(PROMPT): Only certain lines below are wanted: those starting at the line containing "Автори пропонують доповнити" and ending at the line containing "Если используется не", both included, each retyped exactly.

(PROVIDED RECORDS):
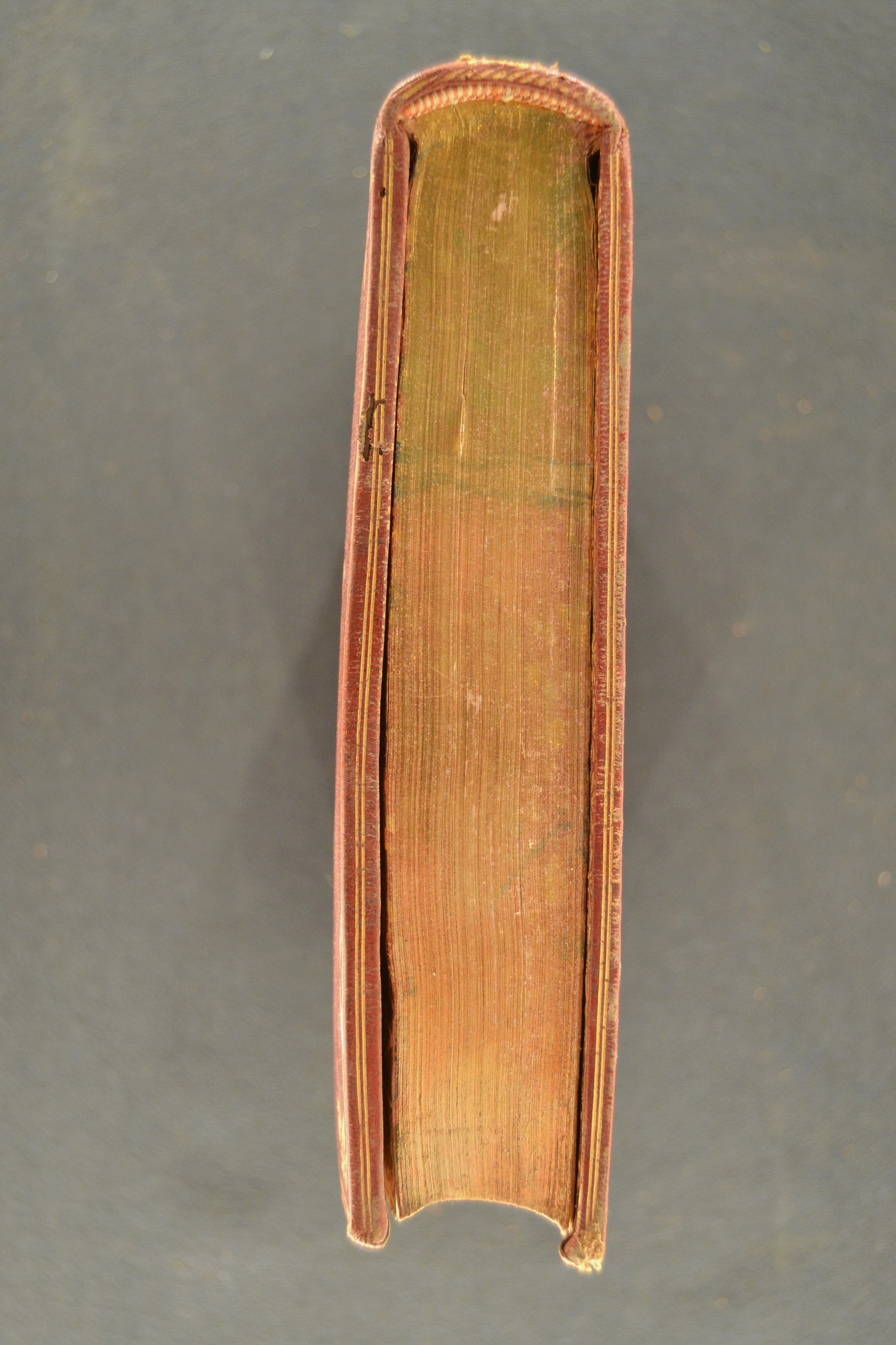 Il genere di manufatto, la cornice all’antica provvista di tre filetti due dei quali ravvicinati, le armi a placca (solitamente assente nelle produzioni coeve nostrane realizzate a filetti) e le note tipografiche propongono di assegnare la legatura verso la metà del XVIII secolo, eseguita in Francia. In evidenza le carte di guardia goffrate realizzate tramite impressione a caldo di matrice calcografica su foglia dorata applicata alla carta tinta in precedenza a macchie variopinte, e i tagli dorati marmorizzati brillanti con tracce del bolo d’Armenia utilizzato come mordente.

--

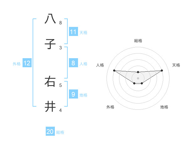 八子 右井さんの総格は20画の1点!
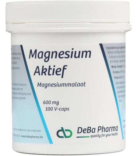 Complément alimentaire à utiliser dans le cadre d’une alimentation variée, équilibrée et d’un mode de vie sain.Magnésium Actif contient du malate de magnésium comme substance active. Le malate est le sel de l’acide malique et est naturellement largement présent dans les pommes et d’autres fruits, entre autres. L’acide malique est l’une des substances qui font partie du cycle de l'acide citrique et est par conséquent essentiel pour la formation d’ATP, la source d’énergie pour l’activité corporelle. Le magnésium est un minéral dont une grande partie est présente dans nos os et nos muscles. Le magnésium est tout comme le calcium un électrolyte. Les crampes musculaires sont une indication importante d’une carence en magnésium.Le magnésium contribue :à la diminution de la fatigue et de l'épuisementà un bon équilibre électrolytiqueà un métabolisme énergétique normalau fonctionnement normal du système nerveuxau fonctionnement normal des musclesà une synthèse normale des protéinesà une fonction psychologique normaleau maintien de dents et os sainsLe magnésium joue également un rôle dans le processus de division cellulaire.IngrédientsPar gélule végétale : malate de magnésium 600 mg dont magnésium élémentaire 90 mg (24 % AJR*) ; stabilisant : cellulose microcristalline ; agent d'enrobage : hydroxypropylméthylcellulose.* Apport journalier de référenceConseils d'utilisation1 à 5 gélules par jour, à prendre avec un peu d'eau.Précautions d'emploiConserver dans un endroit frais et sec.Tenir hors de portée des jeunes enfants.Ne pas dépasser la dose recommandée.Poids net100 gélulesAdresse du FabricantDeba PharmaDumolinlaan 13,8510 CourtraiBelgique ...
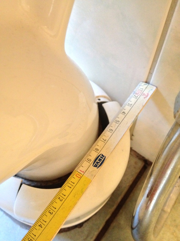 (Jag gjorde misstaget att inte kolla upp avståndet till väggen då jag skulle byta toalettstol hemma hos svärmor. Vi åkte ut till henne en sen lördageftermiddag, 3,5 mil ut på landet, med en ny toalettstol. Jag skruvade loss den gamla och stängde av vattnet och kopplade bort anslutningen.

...

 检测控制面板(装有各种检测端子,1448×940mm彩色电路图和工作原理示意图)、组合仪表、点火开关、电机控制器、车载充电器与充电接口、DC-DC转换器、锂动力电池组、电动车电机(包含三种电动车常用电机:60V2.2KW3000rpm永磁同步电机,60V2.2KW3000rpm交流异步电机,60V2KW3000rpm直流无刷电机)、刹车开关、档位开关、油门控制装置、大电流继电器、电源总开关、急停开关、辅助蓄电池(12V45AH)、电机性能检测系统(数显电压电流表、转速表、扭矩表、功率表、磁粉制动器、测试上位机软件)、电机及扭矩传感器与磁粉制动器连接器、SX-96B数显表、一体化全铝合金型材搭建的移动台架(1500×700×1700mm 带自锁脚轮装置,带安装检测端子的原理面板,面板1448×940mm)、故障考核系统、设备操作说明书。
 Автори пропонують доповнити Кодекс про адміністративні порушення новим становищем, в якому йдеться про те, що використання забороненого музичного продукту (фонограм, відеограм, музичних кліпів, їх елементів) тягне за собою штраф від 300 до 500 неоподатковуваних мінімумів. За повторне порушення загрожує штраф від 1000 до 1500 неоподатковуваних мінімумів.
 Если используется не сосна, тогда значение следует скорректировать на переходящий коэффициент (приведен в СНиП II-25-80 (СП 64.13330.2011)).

(RESPONSE AREA):
 Автори пропонують доповнити Кодекс про адміністративні порушення новим становищем, в якому йдеться про те, що використання забороненого музичного продукту (фонограм, відеограм, музичних кліпів, їх елементів) тягне за собою штраф від 300 до 500 неоподатковуваних мінімумів. За повторне порушення загрожує штраф від 1000 до 1500 неоподатковуваних мінімумів.
 Если используется не сосна, тогда значение следует скорректировать на переходящий коэффициент (приведен в СНиП II-25-80 (СП 64.13330.2011)).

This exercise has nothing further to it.